Muttertag aus Männersicht
Warum man für gewisse Feiertage nicht nur kämpfen, sondern auch nachhaltig erziehen muss
Letztes Jahr hätte der Muttertag beinah dafür gesorgt, dass mein Sohn ohne Vater aufwachsen muss. Die Schwangerschaft hatte die Halbzeit erreicht und endlich fühlte ich mich wieder wie ein Mensch. Ich dachte, dass meine monatelange Übel- und Müdigkeit ausgerechnet kurz vor dem Muttertag abflaute, wäre sicherlich Anlass für meinen Gatten, etwas Besonderes zu planen. Immerhin heißt er Dottore Amore, weil ihm NICHTS zu schnulzig, sulzig oder kitschig ist. Rote Rosen, ein als Liebesengel verkleideter Hund, italienische Schlager in Stadionlautstärke – mein Mann verfolgt hinsichtlich Liebesbeweisen das Credo mehr ist mehr. Egal, ob ich das gut finde oder nicht. Sehr aufgeregt weckte ich ihn dementsprechend am Muttertag auf: „Was machen wir heute?“ Er drehte sich um: „Ausschlafen.“
Ich kitzelte ihn: „Na komm, was hast du für mich geplant?“ Grantig grunzte er: „Wieso soll ich für dich was planen? Du bist ja noch nicht einmal Mutter!“
Weder darf noch soll man seinen Ehemann schlagen. Doch wenn man jemanden nur lang genug namelt, bewegt er sich, als haute ihn eine unsichtbare Hand.
Ich namelte meinen Liebsten also aus dem Bett, namelte ihn ins Bad, namelte ihn durchs Zähneputzen, Rasieren, Anziehen, Kaffeetrinken und erst die Süßwaren, die er von der Tankstelle holte, brachten den Beschwerdeschwall zum Versiegen.

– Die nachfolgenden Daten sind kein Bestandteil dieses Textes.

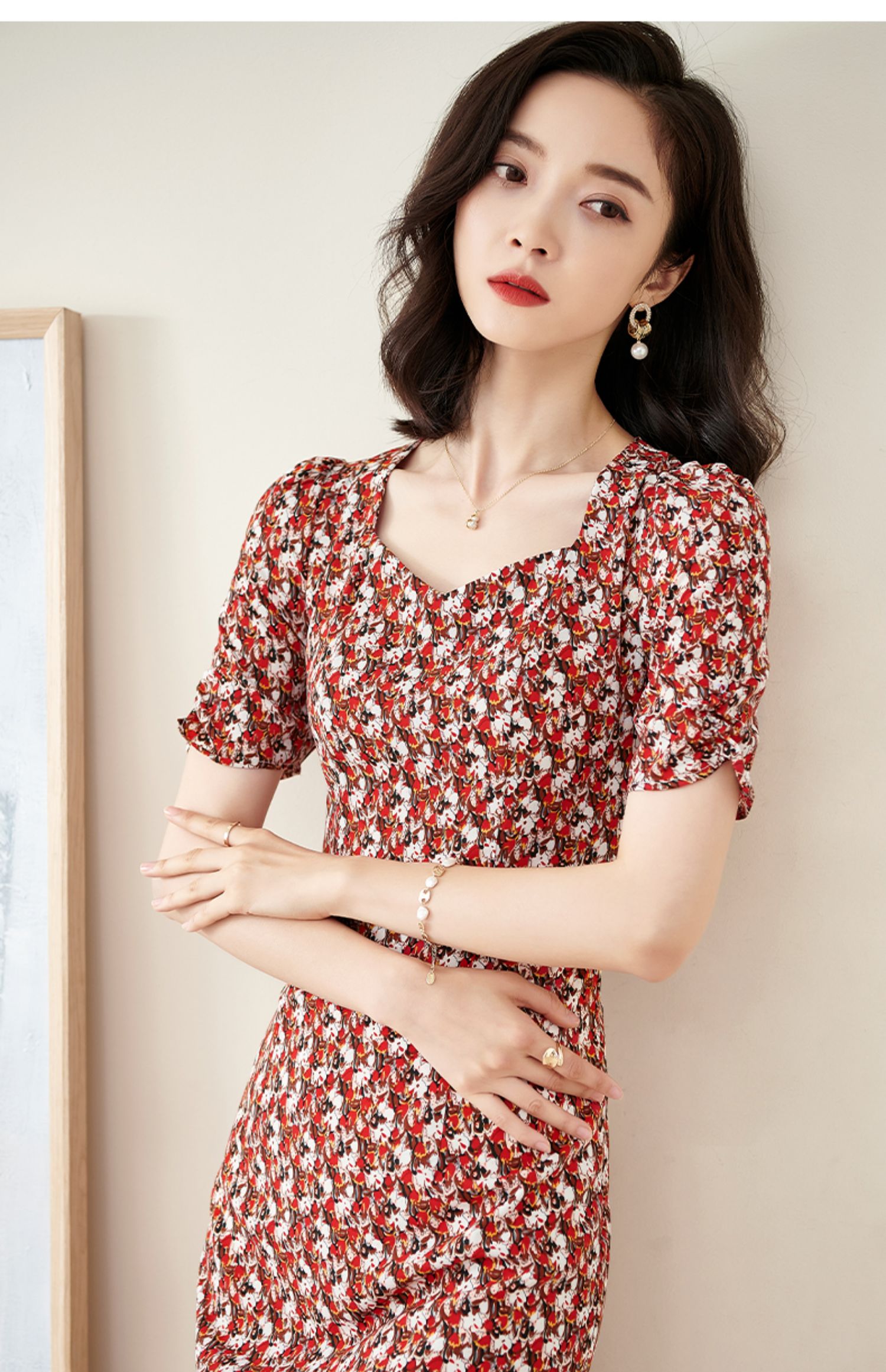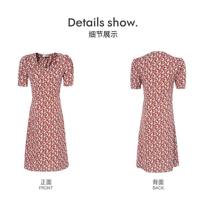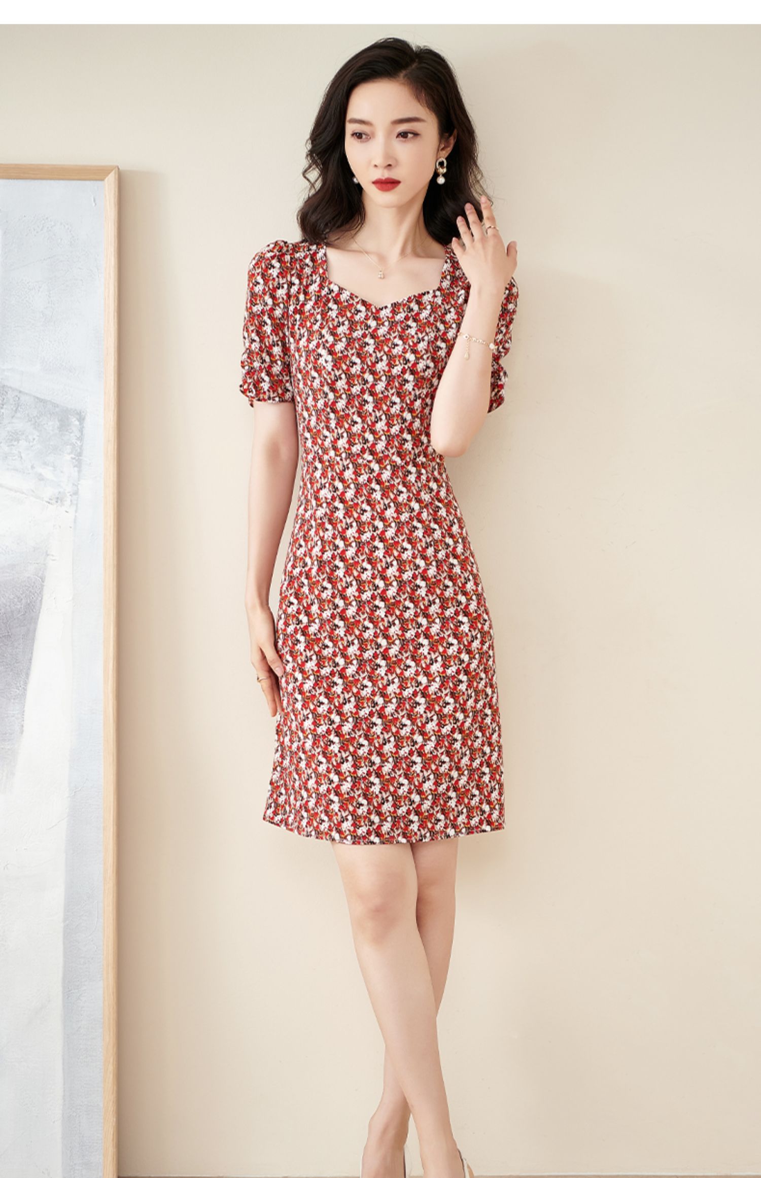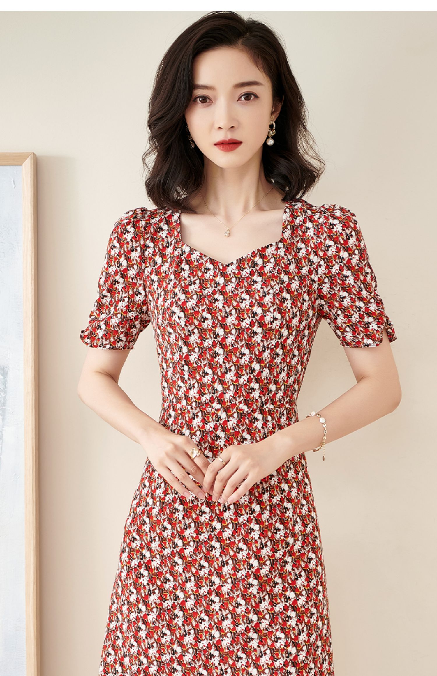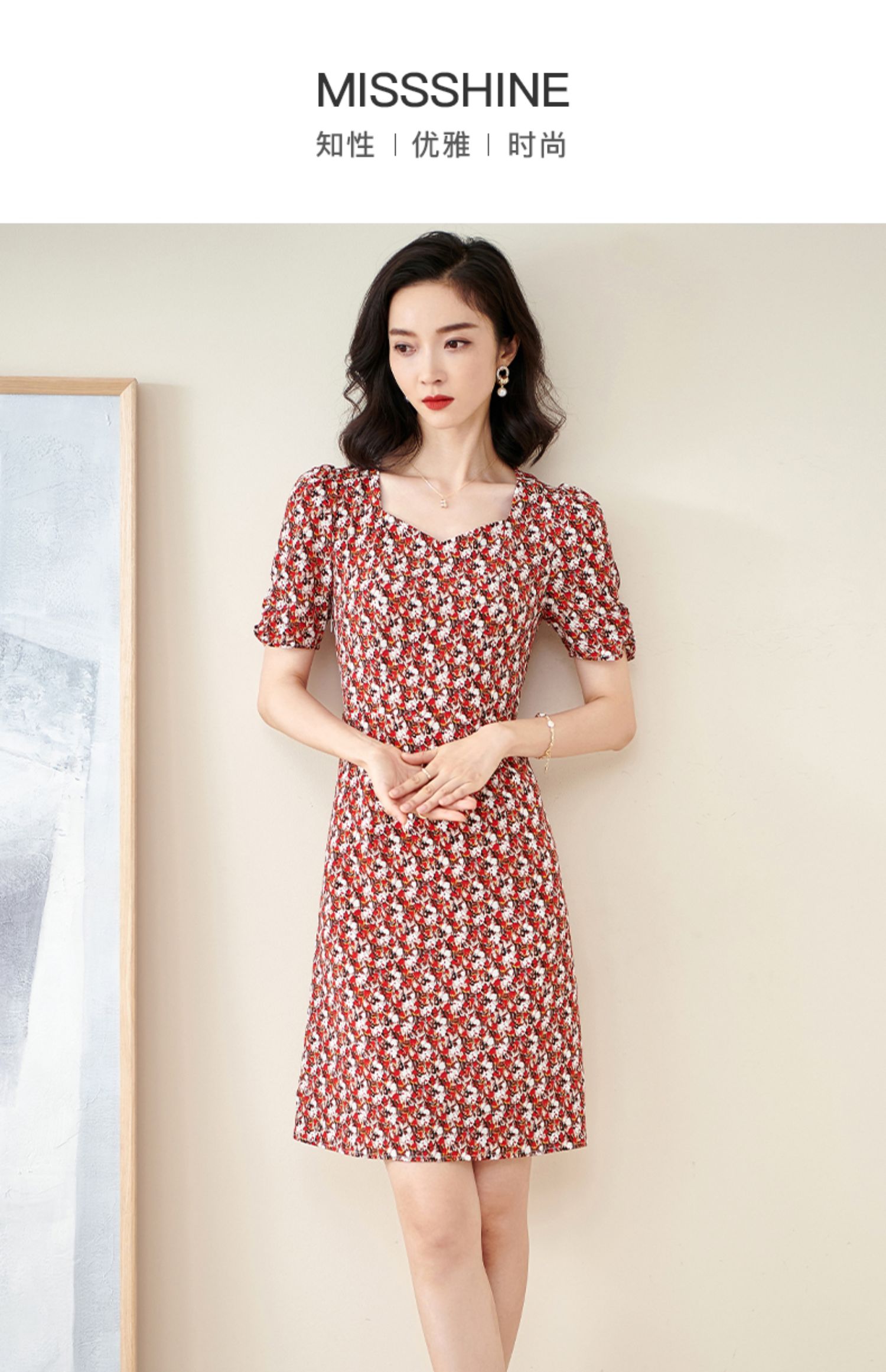 米思阳2025夏季新款法式优雅碎花中长裙修身显瘦泡泡袖连衣裙1172
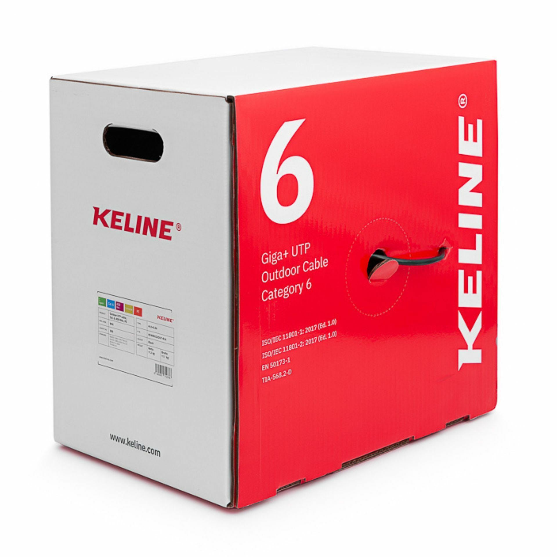 KELine mrežni UTP kabel CAT.6 za zunanjo uporabo, plašč premera 6 mm omogoča izredno dobro odpornost na mehanske poškodbe in zunanje vplive vlago, vodo in UV-sevanje. Ni zaščiten pred elektromagnetnimi motnjami.
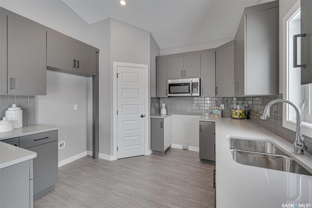 "New" Ehrenburg built 1332 sq/ft Modified Bi level. Spacious and open floor plan. Basement level is designed to allow for an Optional 2 Bedroom LEGAL SUITE with its own private entry! Kitchen features: Superior built Custom cabinets, exterior vented OTR microwave, built in dishwasher and quartz counter tops. Also on the main there are 2 bedrooms and 3 Pc bathroom. Upper level is the Master bedroom with walk in closet and 3 piece ensuite.. Double attached garage. Poured concrete driveway and front landscaping. Triple glazed windows. Scheduled for a April 2026 possession. Currently Under Construction. **NOTE** Pictures are from a previously completed Unit. Interior and Exterior specs vary between builds.
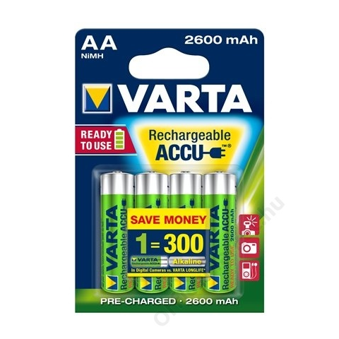 2 kép    Varta Tölthető elem, AA ceruza, 4x2600 mAh, előtöltött, VARTA Power (VAKU12)
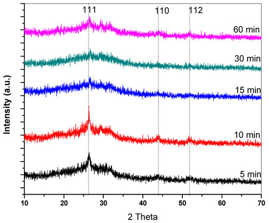X-ray diffraction patterns of the CdS thin films at various deposition times are shown in Figure 3. The peak at 26.60° which corresponds to the (111) plane has the highest intensity, confirming the formation of CdS thin films on the cubic structure (JCPDS # 36-1451 card) [1]. However, the peaks associated with planes (110) and (112) at about 44.4° and 52.0°, respectively, specified that a mixture of hexagonal and cubic phases was formed [2]. The strength of peaks varies with the deposition time, increasing to 10 min and then decreasing. This suggests that the ideal deposition time for maximizing crystallinity is 10 min, as deposition time has a significant impact on the crystallization of the film [3]. Depending on the manufacturing technique, CdS could have either a more stable hexagonal or cubic sphalerite crystal structure [7]. Moreover, Figure 3 shows that the glass substrate is the reason for the enormous hump in the entire set of X-ray diffraction diagrams at the peak at 26.7° [8]. Rietveld refinements of XRD data are attached as a supplementary file.
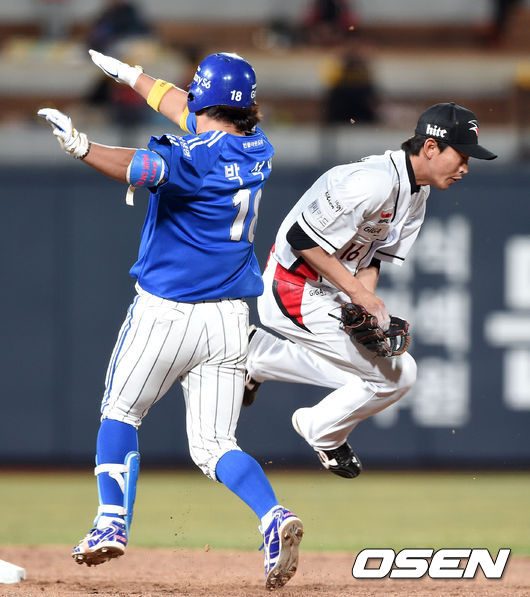 5회초 2사에서 삼성 박석민이 우전 안타를 치고 2루에서 세이프 되고 있다.
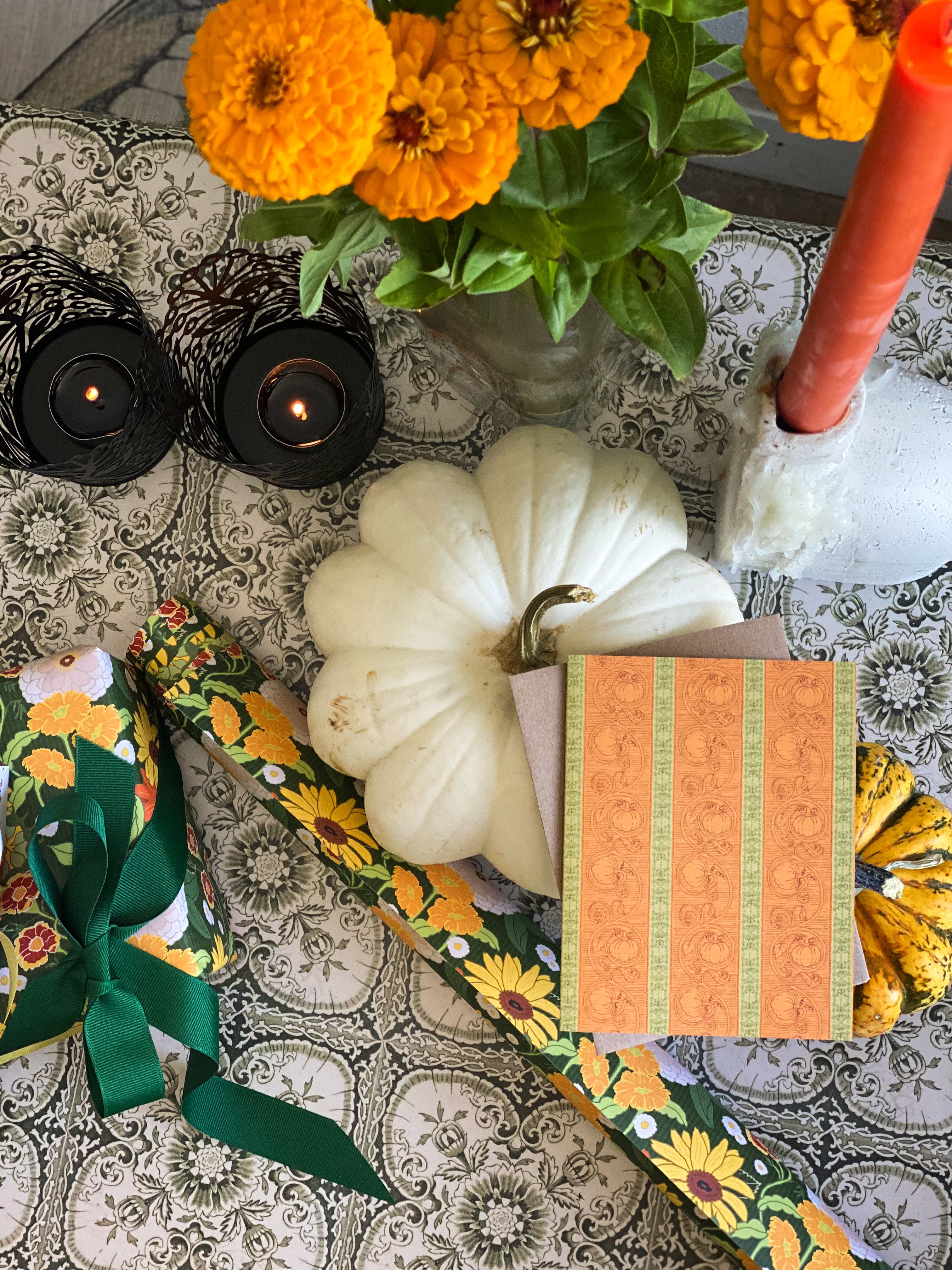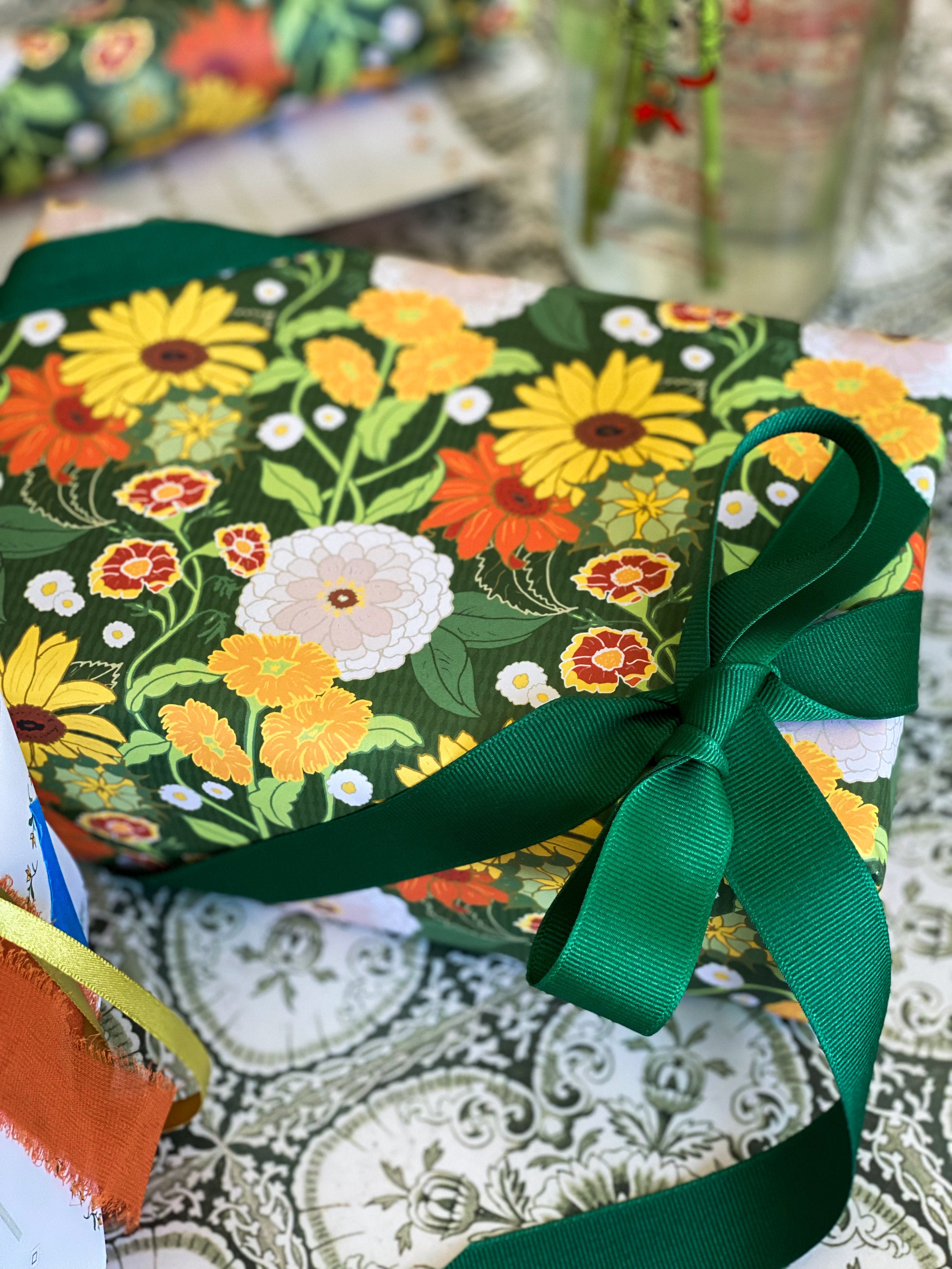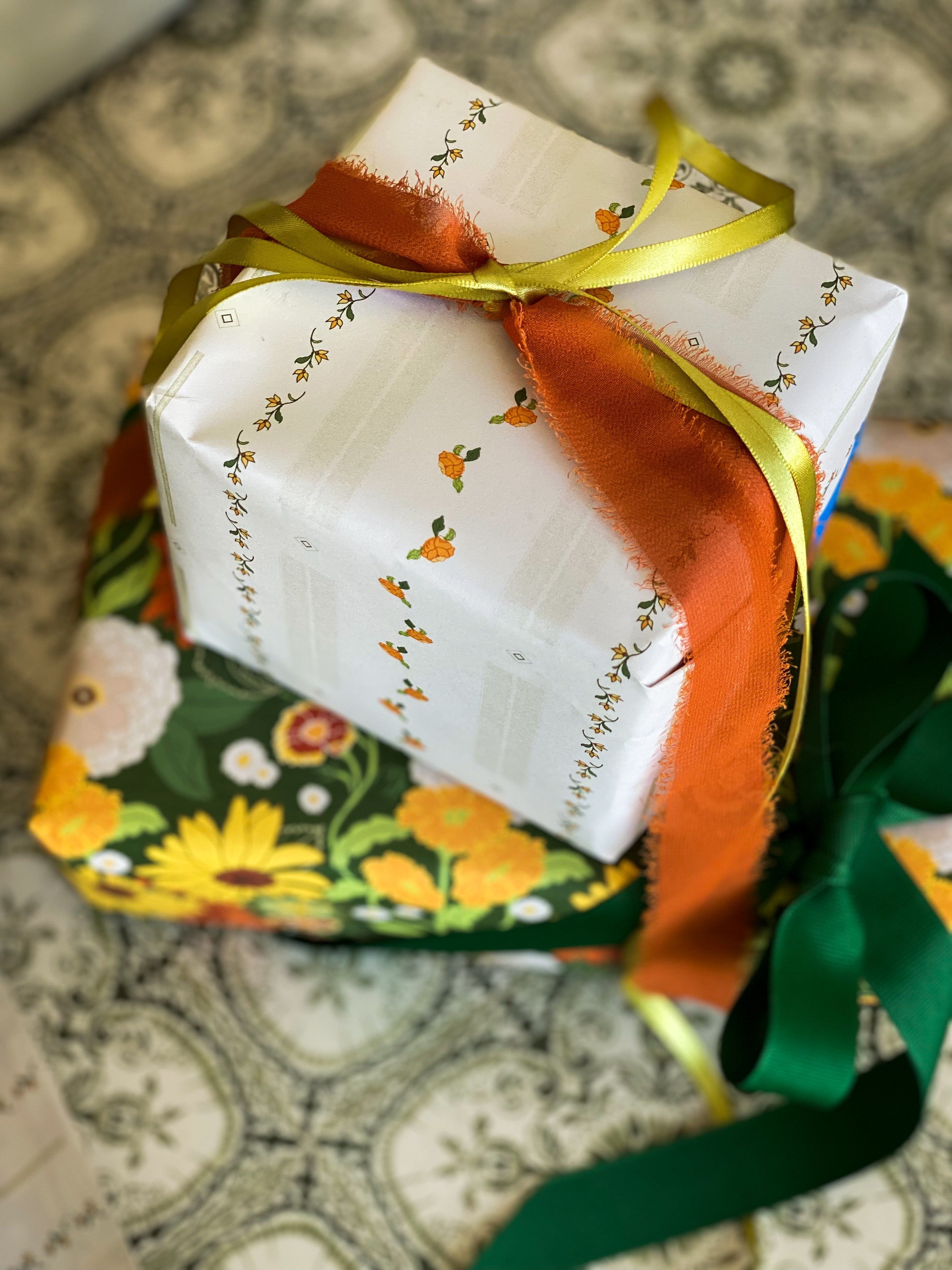 Double your options with double-sided wrapping paper featuring a meadow of fall vibrant yellow, orange and pink florals with a rich textured green background on one side and rows of sweet and delicate autumn orange roses and green sprigs on cream on the other. With two choices of bold and bright to sweet and delicate, this gift wrap is versatile for birthdays, weddings and other celebrations.
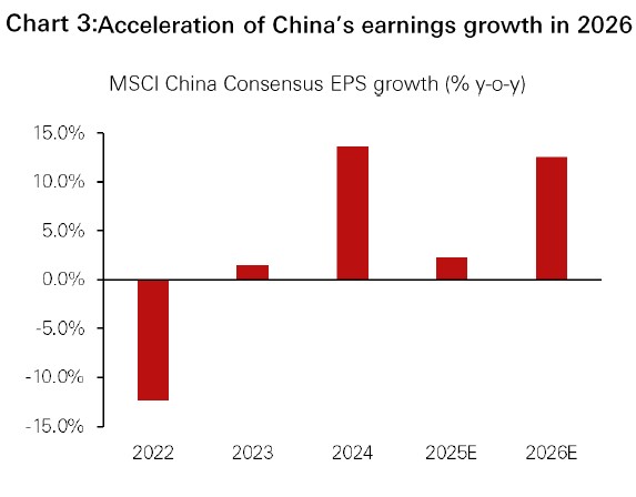 • China’s Central Economic Work Conference (CEWC) 2025 reaffirmed policy priorities centred on innovation-driven structural growth, industrial upgrading and a revival in domestic demand through consumption and investment. With a significant EPS growth projection for 2026 (12.5%) and undemanding valuations at 12.3x forward P/E with a ROE of 11.2%, we remain positive on Chinese equities. Our investment approach balances exposure to AI themes and innovation leaders, with high-dividend, quality companies that benefit from both cyclical drivers and structural policy tailwinds.

Vor ein paar Tagen fragte er vorsichtig: „Willst du heuer Muttertag feiern?“
Ich fixierte ihn. „Unser Bauxi ist ja noch nicht einmal ein Jahr …“ Ich holte tief Luft. „… außerdem ist doch jeder Tag Muttertag …“ Ich öffnete den Mund. „... aber morgen ist der mutterigste Muttertag. Und natürlich muss man da die Mütter ganz besonders feiern.“
Mütter geben bedingungslose Liebe. Mütter trösten, Mütter hören zu. Mütter erziehen. Und dafür gehören sie gefeiert. Auch wenn sie dazu erst erziehen müssen.